Expression of rbfSR in DBS100 increases LEE gene expression in vitro and in vivo. (A and B) EMSA of the binding of purified RbfR to P_ler (a), P_ler-3 (b, the binding motif was deleted), and P_ler-4(b, the binding motif was mutated to 5-CTCCGTGCGGCCCGCGGTGCC-3) of DBS100 with or without Acp. (C and D) qRT-PCR analysis of LEE gene expression in DBS100-rbfSR(c) and DBS100-p(d) grown in SCEM medium containing 20 μM riboflavin. Data are presented as the mean ± SD (n = 3). (E and F) qRT-PCR analysis of LEE gene expression in DBS100-p and DBS100-rbfSR in SPF mice(E) and abx-treated mice(F). Data are presented as the mean ± SD (n = 3). Significant differences were assessed by an unpaired t test.

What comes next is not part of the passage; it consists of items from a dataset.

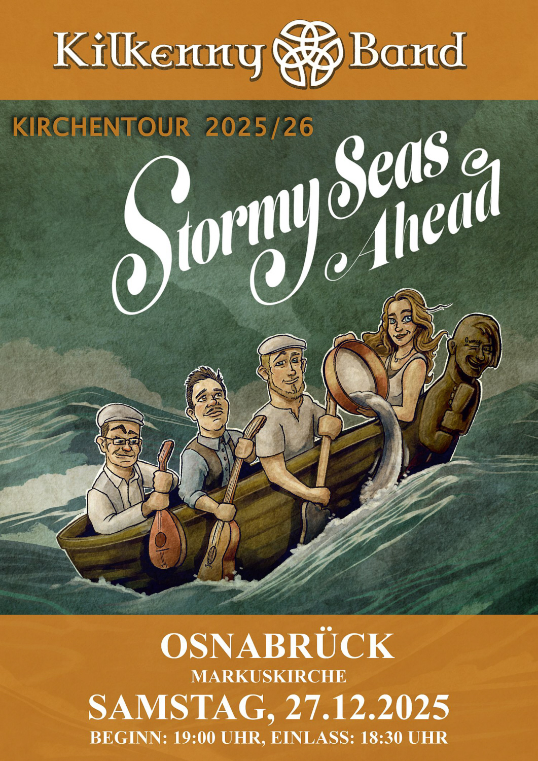 Die bekannte Irish-Folk-Band spielt im Rahmen ihrer Kirchentour 2025/2026 unter dem Titel „Stormy Seas Ahead“ Lieder über die Seefahrt sowie Heim- und Fernweh. Im Mittelpunkt des Konzerts stehen getragene Balladen, die in der Akustik der Kirche besonders gut zur Geltung kommen.
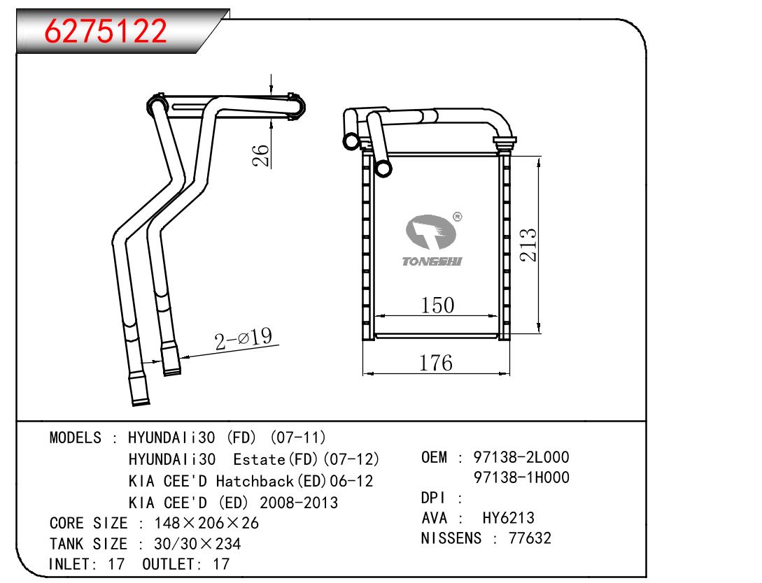 • HYUNDAIi30 (FD) (07-11)/HYUNDAIi30 Estate(FD)(07-12)/KIA CEE'D Hatchback(ED)06-12/KIA CEE'D (ED) 2008-2013
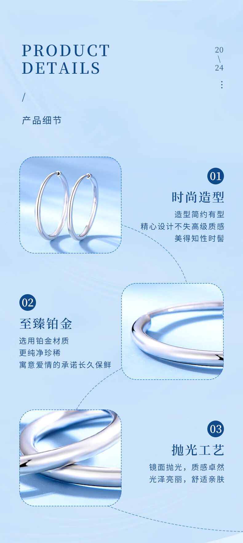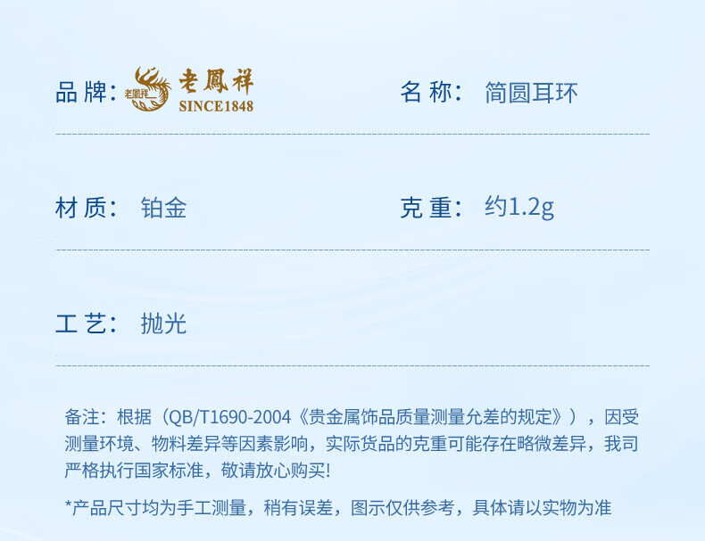Lao Fengxiang platinum earrings glossy white gold PT950 simple earrings as anniversary birthday gifts for girlfriends and wives PT950 platinum halo earrings-1.1g

Error bars represent SD. *P < 0.05, **P < 0.01, ***P < 0.001; n.s. no significant difference.

Fig. 6.

Riboflavin produced by microbiota increases C. rodentium intestinal colonization through RbfSR. (A) Schematic of C. rodentium colonization in different infection models. (B) Competition assay comparing the intestinal colonization ability of DBS100-p and DBS100-rbfSR in SPF mice and abx-treated mice (n = 10 mice per group). (C) Survival curve of mice infected with DBS100-p or DBS100-rbfSR (n = 10 mice per group). (D and E) Histological score (D) and representation (E) of colon 3 d after DBS100-p and DBS100-rbfSR infection (n = 3). (F) HPLC measurement of riboflavin concentrations in the colon contents of abx-treated miceabx-treated mice fed with 20 ug riboflavin (Riboflavin-treated), and abx-treated mice administered with WCFS (WCFS-treated) or ATCC8014 (ATCC8014-treated) (n = 6 mice per group). (G) Competition assay comparing the intestinal colonization ability of DBS100-p and DBS100-rbfSR in abx-treated mice fed with 20 ug riboflavin (Riboflavin-treated) or PBS(PBS-treated) (n = 10 mice per group). (H) Competition assay comparing the intestinal colonization ability of DBS100-p and DBS100-rbfSR in abx-treated mice administered with WCFS (WCFS-treated) or ATCC8014 (ATCC8014-treated mice) (n = 10 mice per group). Significant differences were assessed by log-rank (Mantel-Cox) test (C), unpaired t test (D), and Mann–Whitney U test (B, G, and H). Each symbol represents an individual mouse. Error bars represent SD. *P < 0.05, **P < 0.01, ***P < 0.001; n.s. no significant difference.